It sounds like you are in the role of the convincer and a little denial mixed in. You do want those things from him, and from what you typed, he used to do them. He stopped and you are now trying to get him to do things again, and at the same time bc of his decrease in doing things you are now "accepting" less and less. I see resentment in disguise building inside of you, hidden by sweetness of an "accepting" girlfriend.

He is comfortable, he knows he has you and he is the type that believes once he has you he doesnt have to do all the stuff anymore. You are beginning a very painful dance with him. You either have to genuinely get yourself to a place where its ok to not get little lovey things out of him, or leave. He knows how you feel, he thinks he is doing things for you... any more attempts to tell him or show him what you want make you look more needy and desperate... not a good place to be in from the perspective of a guy like him.

He is plainly telling you and showing you what he is willing to do to express feelings, and you are running in circles trying to minimize disappointment and then encourage him to do more when he is plainly telling you what he is willing to do. See the circle I just made? That is your relationship from the outside looking in... and perhaps his and your experience inside it...

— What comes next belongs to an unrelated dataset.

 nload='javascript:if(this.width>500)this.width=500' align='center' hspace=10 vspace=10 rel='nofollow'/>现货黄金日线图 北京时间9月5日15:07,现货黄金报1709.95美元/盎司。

You cant change him, only yourself. make a choice about what you truly can live with and then look at his actual present actions (not the ones you miss so much) and see if you can be ok with that... if you try to keep getting more it will make your relationship a circular hell.


----------



## COguy (Dec 1, 2011)

Definitely sounds like a love language issue. It's a major source of relationship problems and will only continue when you get married. Sounds like both of you really do care about eachother and do things for the other, you just need to try and get on the same page.

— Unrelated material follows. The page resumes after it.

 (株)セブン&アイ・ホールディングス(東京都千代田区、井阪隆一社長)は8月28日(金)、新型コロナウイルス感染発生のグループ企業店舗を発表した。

Have you outright asked him what makes him feel loved? Have you told him how important it is for you to get little gifts from time to time and how much it means to you? That that is way more important than anything else and is how you KNOW that he loves you?

He definitely cares about you, he probably doesn't really understand what the gifts mean to you. I had the same problem, my wife's need for me to help her around the house never really clicked with me. When I figured it out, it was like "Ohhhhhhh!!" and now I'm helping her around the house with enjoyment because I really get how much it means to her.

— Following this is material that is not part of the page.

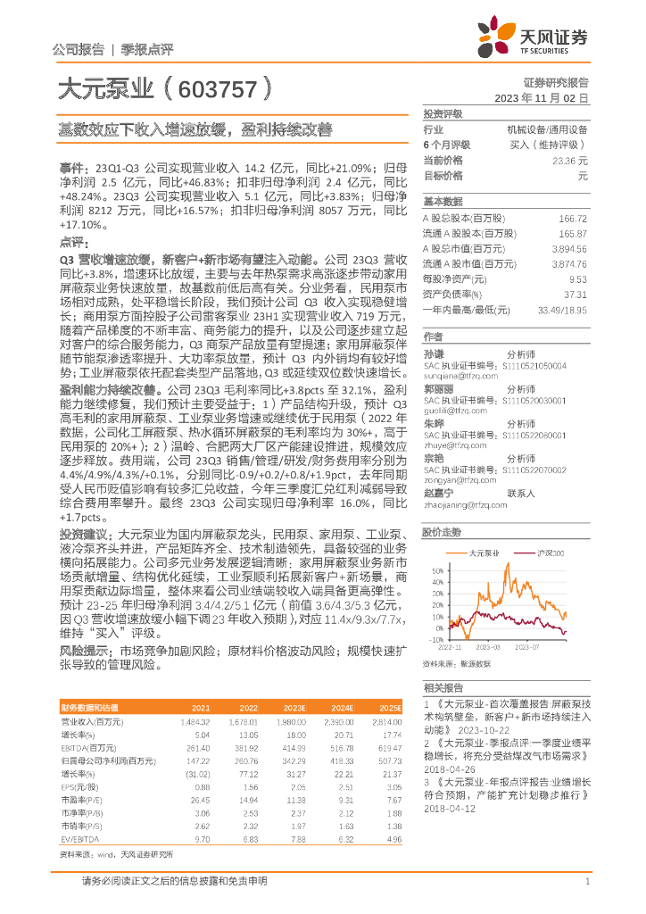 天风证券:大元泵业(603757)-基数效应下收入增速放缓,盈利持续改善.pdf

She has just recently made that connection with me and physical affection (including sex). She can do everything right, but if she's not giving me hugs and kisses and the big S, then I don't FEEL loved (even though I know she loves me). I told her she's not obligated to do those things, because I know she's not a touchy feely person, but when she does them it makes me feel loved. Now I see her making a real effort in those areas and it means more to me because I know she's doing it just to show how much she cares.

End result is that we're not spinning our wheels trying to show love only to have the other person unsatisfied. Like paddling a double kayak. You can waste your energy doing your own thing, but you'll end up going in circles; or you can get in sync with your partner and glide effortlessly through the water.


----------